Suchet’s wavering revealed the sorry truth. For a surprising number of British people, Ireland is independent only in an abstract, technical sense. People who defend that independence are like those folk who argue the 21st-century really began in 2001. Strictly speaking, it’s true. But only a pedant would insist upon the fact. There exists a mystical intertwining of the cultures that no political alteration can disentangle. So goes the (largely unspoken) argument.

In recent weeks, this ignorance has worked its way into an awkward paradox. Paternalistic British pundits have expressed surprise that Irish politicians dare express views held by the vast majority of the Irish public. There is a sense that we are still subject to the whims of British opinion. The current, controversial British opinion is that we should, by allowing at least the possibility of a harder border with one part of the UK, become more foreign than much of Britain really believes us to be. Therein lies the paradox.

Not since the grim days of the Troubles have relations between the nations been so uneasy. The right-wing UK press seems intent on doing everything possible to inflame those tensions. When Jeremy Warner, associate editor of the Daily Telegraph, tweeted that "Ireland has poisoned UK politics and brought down governments for centuries", he suggested something he didn't quite mean.

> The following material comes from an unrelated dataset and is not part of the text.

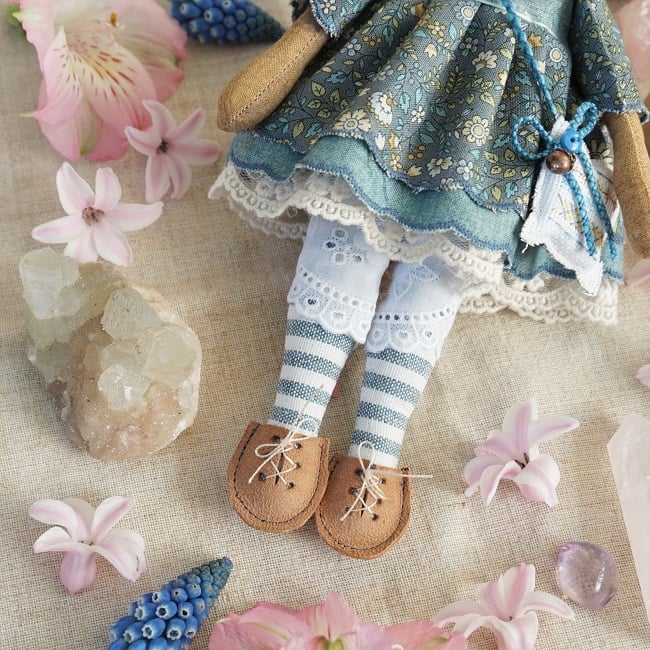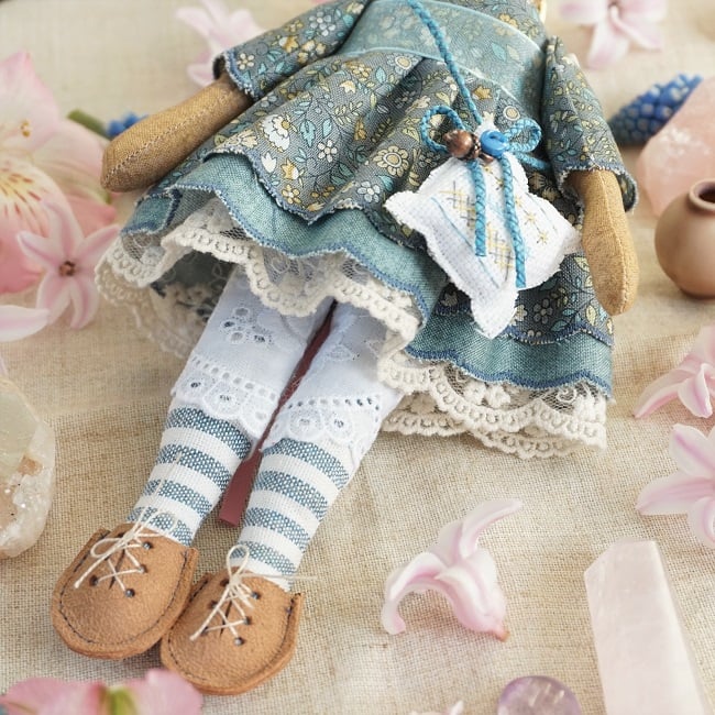 She is softly stuffed with lavender in her stuffing for a gentle scent and she has a tiny smokey quartz crystal at her heart for strength. She has a brass ring to her back in case you want to place her on the wall.

Subsequent tweets confirmed that he probably meant "the Irish question", but the carelessness of the language offered, in itself, grounds for reasonable offence.

Sun burn

More outrageous was the now-infamous attempt by the Sun to make all this about something else altogether. "Ministers have told the Sun that the Irish PM has only been forced to adopt the stand under heavy political pressure from Gerry Adams's Sinn Féin," wrote Tom Newton Dunn, the paper's political editor. The paper is essentially suggesting the IRA is dictating the country's EU policy. Heck, there's no "essentially" about it. "IRA's political wing Sinn Féin to blame for new Brexit stand-off … ministers say," the subheading read. What better reason to ignore everything the government says?

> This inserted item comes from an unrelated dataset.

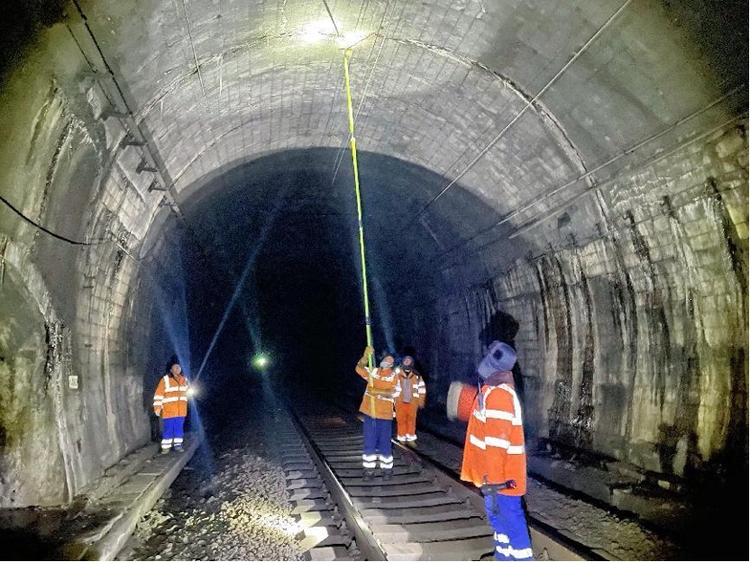 兴安岭隧道内,工人在进行打冰作业。王宏 摄

There are two ways of reading this. The paper has either concocted a brilliantly sinister alternative history or it genuinely believes its cockamamie theory. It’s hard to know which is the more worrying.

At any rate, many British citizens are sufficiently ignorant about Irish affairs to believe the IRA is running the current government. We suck up UK politics and culture every day. They only attend that part of “the British Isles” when its gets in their way or when one of its citizens gets nominated for an Oscar. It would be enormously petty to respond by redoubling our objections to any misattribution of Saoirse Ronan’s nationality. So what. Better petty responses than what went on in those darker times.

Let the Season of Cheap Fury begin.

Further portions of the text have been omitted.